All submissions of the EM system will be redirected toOnline Manuscript Submission System。作者请直接提交文章y toOnline Manuscript Submission Systemof respective journal.

The Effect of Temperature on Electrical Parameters of Solar Cells

Davud Mostafa Tobnaghi1, Rahim Madatov2, daryush naderi1
  1. Department ofElectrical Engineering, Parsabad Moghan Branch, Islamic Azad University, Parsabad Moghan, Iran
  2. Inistitute of Radiation Problems, Azerbaijan National Academy of Science, Baku, Azerbaijan
Related article atPubmed,Scholar Google

Visit for more related articles atInternational Journal of Advanced Research in Electrical, Electronics and Instrumentation Engineering

Abstract

在本文中,使用性能和概述solar cells is expressed. The role of temperature on the electric parameters of solar cells has been studied. Experimental results shows that all electrical parameters of solar cell such as maximum output power, open circuit voltage, short circuit current, and fill factor Have changed with temperature variation. As well as the amount of changes in these parameters in terms of temperature value have been obtained. According to results, the most significant is the temperature dependence of the voltage which decreases with increasing temperature while the current of cells slightly increases by temperature.

Keywords

maximum output power, open circuit voltage, short circuit current, solar cells, temperature

INTRODUCTION

Nowadays we get approximately 80% of our energy from non-renewable energy sources, e.g. fossil fuels. Pollutants and greenhouse gases increase when fossil fuels are converted into electricity or heat. Therefore atmosphere is damaged and global warming developed. Fortunately, as the resources are limited, our dependence on fossil is close to its end. Presently, the world annual energy consumption is 10 terawatts (TW) and by 2050 this amount will be about 30 TW. The world will need about 20 TW of non-CO2 energy to stabilize CO2 in the atmosphere by mid-century. The simplest scenario to stabilize CO2 by mid-century is one in which photovoltaics (PV) and other renewable are used for electricity (10 TW), hydrogen for transportation (10 TW), and fossil fuels for residential and industrial heating (10 TW) [1]. Thus, PV systems will a significant role in the world energy supply in the future.
Photovoltaic systems have been installed to provide electricity to the billions of people that do not have access to mains electricity. Power supply to remoter houses or villages, irrigation and water supply are important application of photovoltaics for many years to come. In the last decade, PV solar energy system has shown its huge potential. The amount of installed PV power has rapidly increased. Nowadays, nearly 70 GW of PV power are installed worldwide. Perhaps the most exciting new application has been the integration of solar cells into the roofs and facades of buildings during the last decade.
Solar cells are based on semiconductor materials. semiconductor are materials from either group IV of the periodic table, or from a combination of group III and group V, or of combinations from group II and group VI. The sun radiates in all regions of spectrum, ranging from radio waves to gamma ray. Our eyes are sensitive to wavelengths ranging from 400-700 nm. In this narrow range, called visible range, the sun emits about 45% of total radiated energy. Nearly 80% of cells on the market are crystalline silicon based cells.
Solar cell properties can be altered by changes in environmental conditions such as temperature. Typically solar cells are used at the temperature range between 5 to 50 °c .In this paper, temperature dependency of solar cells electric parameters such as open circuit voltage, fill factor, short circuit current and efficiency is investigated.

II. SOLAR CELLS OPERATION

The photovoltaic (PV) effect is the direct conversion of light into electricity in solar cells. When solar cells are exposed to sunlight, electrons excite from the valence band to the conduction band creating charged particles called holes. In one PV cell, the upper or n‐type layer is crystalline silicon doped with phosphorus with 5 valence electrons while the lower or p‐type layer is doped with boron, which has 3 valence electrons.
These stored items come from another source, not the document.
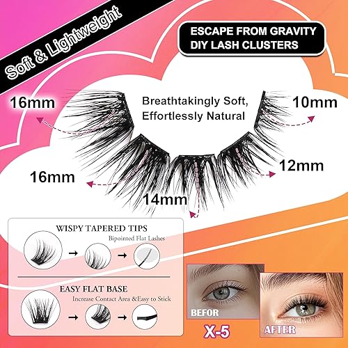 Beginner-Friendly: Pre glued eyelashes clusters perfect for quick makeup needs like travel, work, or dates. Press on lashes easy to apply in under a minute, glueless lashes making it ideal for beginners and busy lifestyles
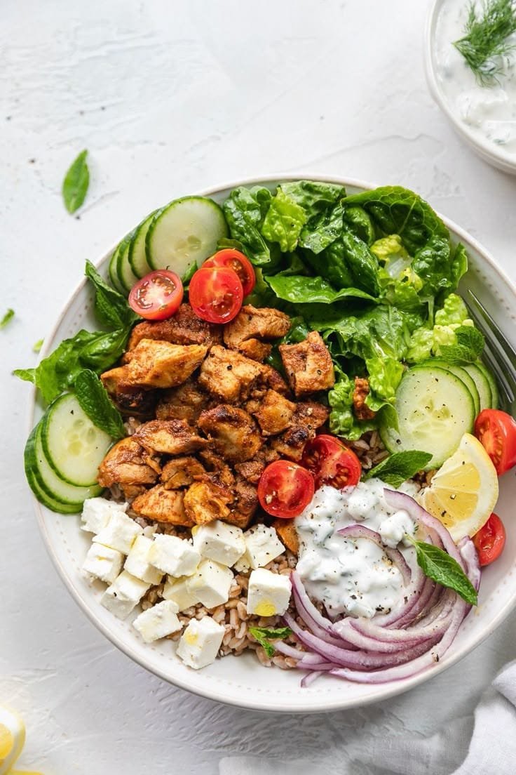 Chicken Shawarma Bowl with Quick Tzatziki Sauce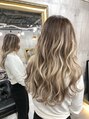 地毛のハイライトとバレイヤージュに合わせてシールエクステ60枚をローライトを混ぜながら付けてセミロングヘアにしました。
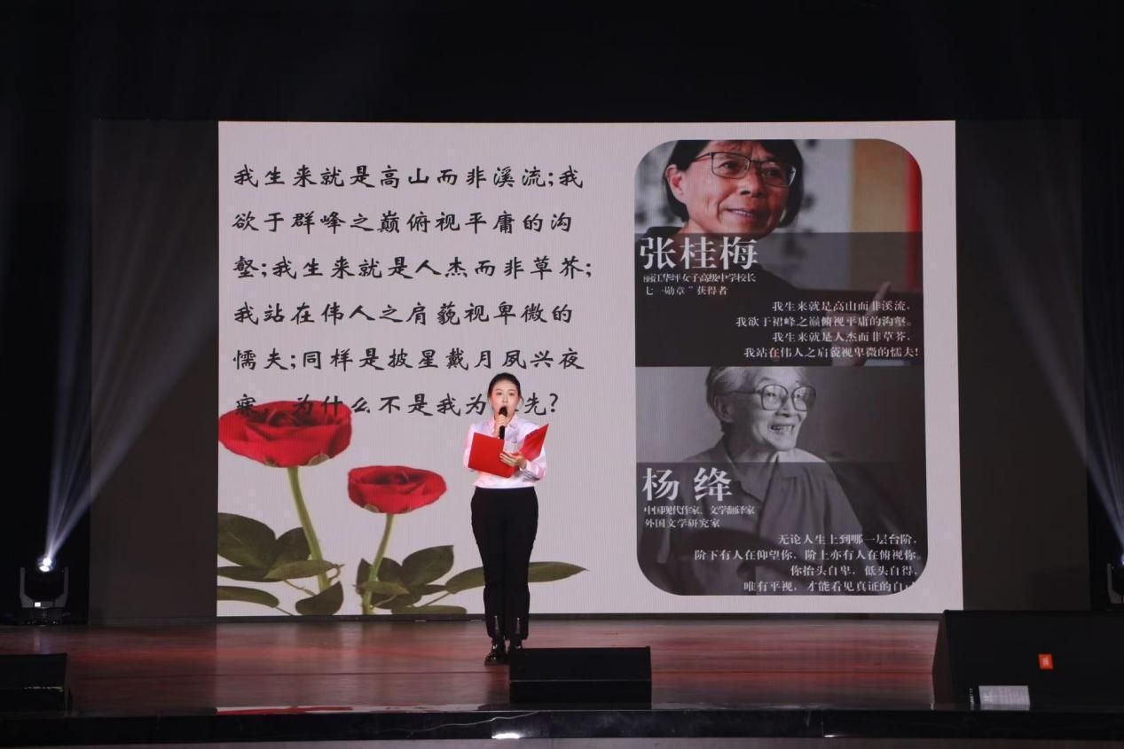 袁桂君书记为一等奖获奖节目代表颁奖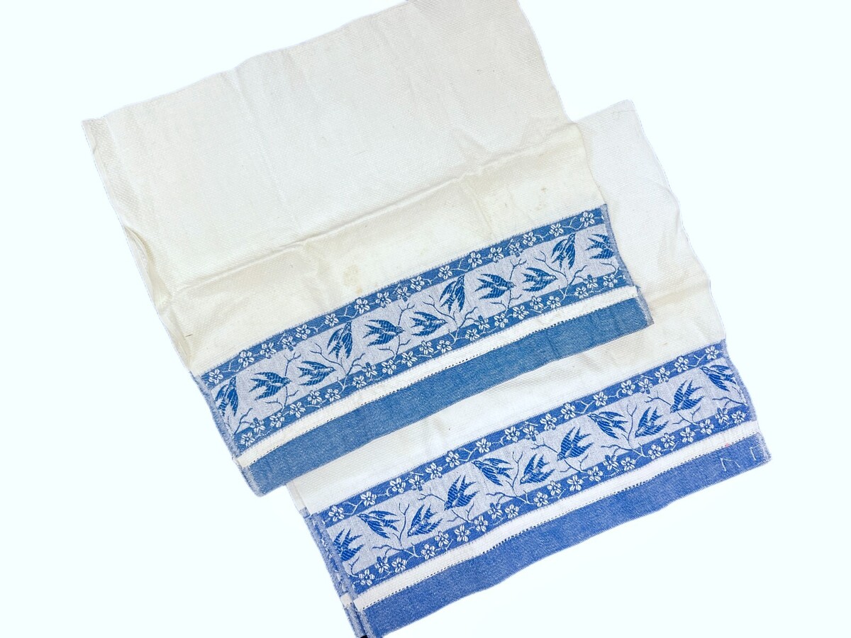 2- 1920s-40s Cannon Antique Hand or Washstand Towels Blue Birds Damask- 17x30 - have Cannon label, a pair and they seem unused or barely. No stains, or holes, and are crisp, maybe never washed?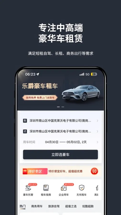 乐爵豪车租车是国内专注中高端汽车租赁服务的领导品牌,我们提供深圳租豪车、广州租车、惠州租车、中山租车、珠海租车、东莞租车、佛山租车等广东珠三角城市地区的免押金租车服务,为用户提供豪车租赁的出行体验。我们的应用程序提供多种车型,包括劳斯莱斯、奔驰、宝马、奥迪、保时捷、法拉利、宾利、路虎、兰博基尼、特斯拉、埃尔法、野马等主要品牌,满足短租自驾、长租、企业用车、商务出行、自驾旅游、限行代步等多种用车需求。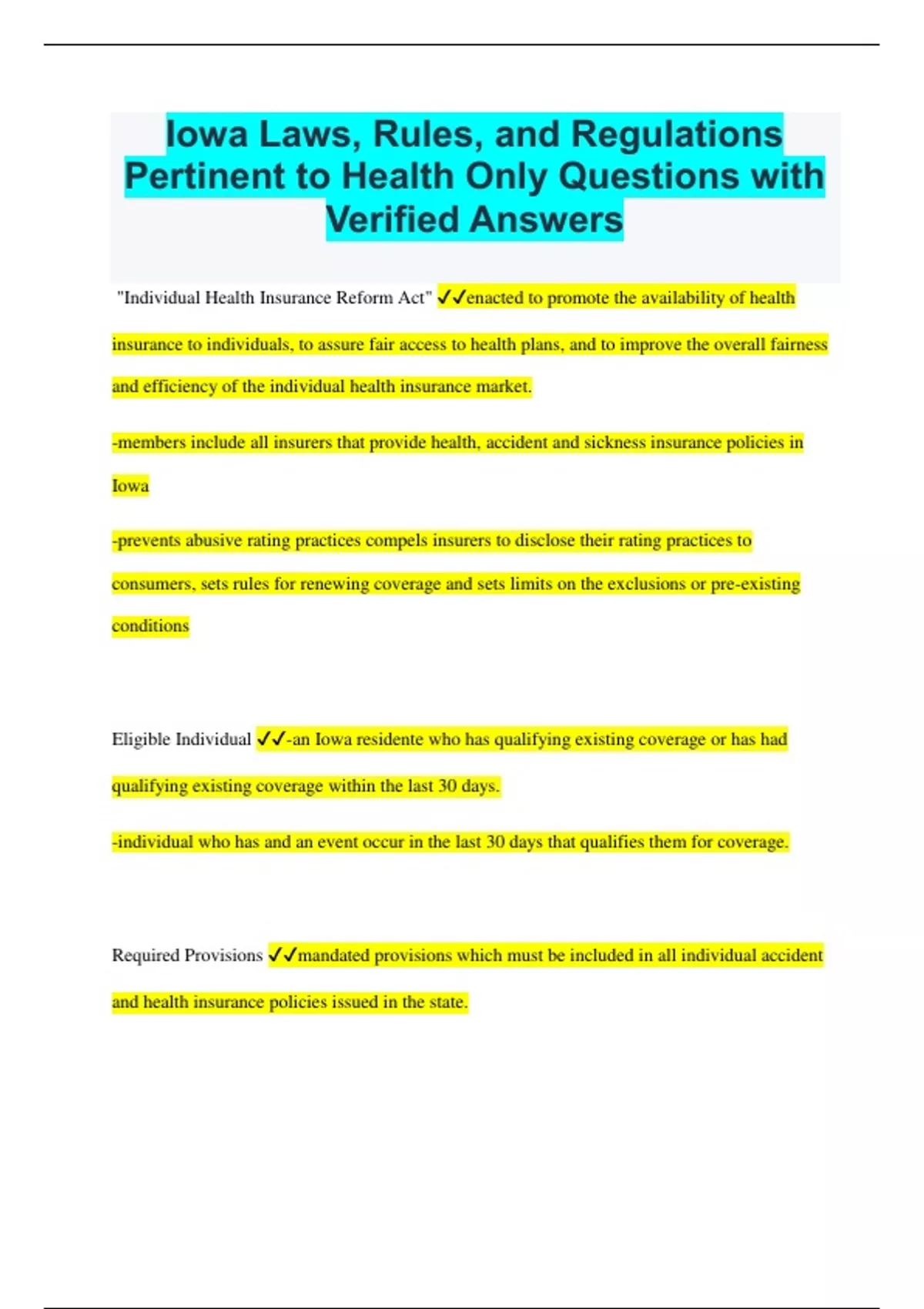 Iowa Laws, Rules, and Regulations Pertinent to Health Only Questions with Verified Answers

By bringing N and P type silicon (semiconductors) together, a p-n junction serves for creating an electric field within the solar cells, which is able to separate electrons and hole and if the incident photon is energetic enough to dislodge a valance electron, the electron will jump to the conduction band and initiate a current coming out from the solar cells through the contacts [2]. Figure 1 shows this process.
image

A. I-V Characteristics of Solar Cells

The equivalent circuit of the solar cells is combination of a current source (light generated current) and a diode. Solar cells behave similarly to diodes and thus the electrical characteristics of solar cells represented by using current-voltage curves (I-V curve). Figure 2 shows the I‐V characteristics and the equivalent circuit of solar cells.
image
Isc represents the short circuit current, at which the current is at maximum and where voltage is zero. Voc is open circuit voltage, at which the voltage is maximum and where current is zero. The maximum power Pmax produced by a solar cell is reached when the product I-V is maximum. This can be shown graphically (fig. 2.b) where the maximum output power represents the largest rectangle area under the I-V curve. The basic equation for solar cells is follow:
image
Where k is the Boltzman constant, T is the temperature in terms of Kelvin, q is Electric charge, V is output voltage of solar cell, IL is light generated current, and I0 is the reverse saturation current[3-5].

III. EXPERIMENTAL METHODS

商用太阳能电池的一个示例used for experimental measurements. The solar cell was fabricated mono-crystalline structure with using phosphorus diffusion into a p-type silicon wafer. Voltage-current (I-V) characteristics and output parameters of solar cell was measured. To obtain of solar cell I-V characteristics, sample was illuminated by reflective lamp with Light intensity equal to1000 W/m2 (AM 1.5). The measurements were performed at 15, 25, 30, 40, and 50 0c temperatures by highly accurate measuring equipment at the institute of Radiation Problems of Azerbaijan National Academy of science.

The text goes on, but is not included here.